In light of these findings, we tested the generality of the facilitatory role of progesterone across other species such as rats and mice. Whereas previous studies highlighted the inhibitory role of a supraphysiological dose of progesterone (e.g., Erickson et al. 1967; Erpino 1973; Morin 1977), we found that physiological doses of progesterone can facilitate the expression of mounting behavior in male rats (Witt et al. 1995). Moreover, work on progesterone receptor knockout mice indicates that progesterone stimulation is important not only in the display of mounting behavior while intact but also in experience-dependent plasticity (Phelps et al. 1998). The latter finding is interesting because preliminary studies have found differences in experience-dependent plasticity between progesterone-sensitive and -insensitive male C. inornatus (J. T. Sakata and D. Crews, unpublished data). Thus studies originally performed on a parthenogenetic species eventually led to a re-evaluation and new understanding of the role of progesterone in the display of copulatory behavior in male vertebrates.

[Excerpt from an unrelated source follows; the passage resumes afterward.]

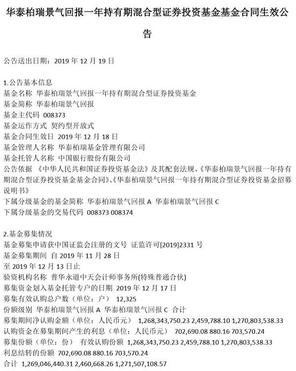 华泰柏瑞公告,华泰柏瑞景气回报一年于2019年12月18日成立,募集金额12.7亿元,有效认购户数12325户,募集期间基金管理人的从业人员认购基金20.39万份,占比0.016%。

Although both testosterone and progesterone can facilitate the display of male sexual behavior in a number of species, their relative potencies have not been compared. Whiptail lizards are a useful model in which to study the effects of testosterone and progesterone because both hormones elicit the full repertoire of courtship behavior in both C. inornatus males and C. uniparens individuals. We recently assessed differences in the capacity of exogenous testosterone and progesterone to induce male-typical courtship behavior in gonadectomized whiptail lizards (Sakata et al. 2003). In both species, individuals implanted with testosterone showed more frequent courtship behavior than those implanted with progesterone or cholesterol.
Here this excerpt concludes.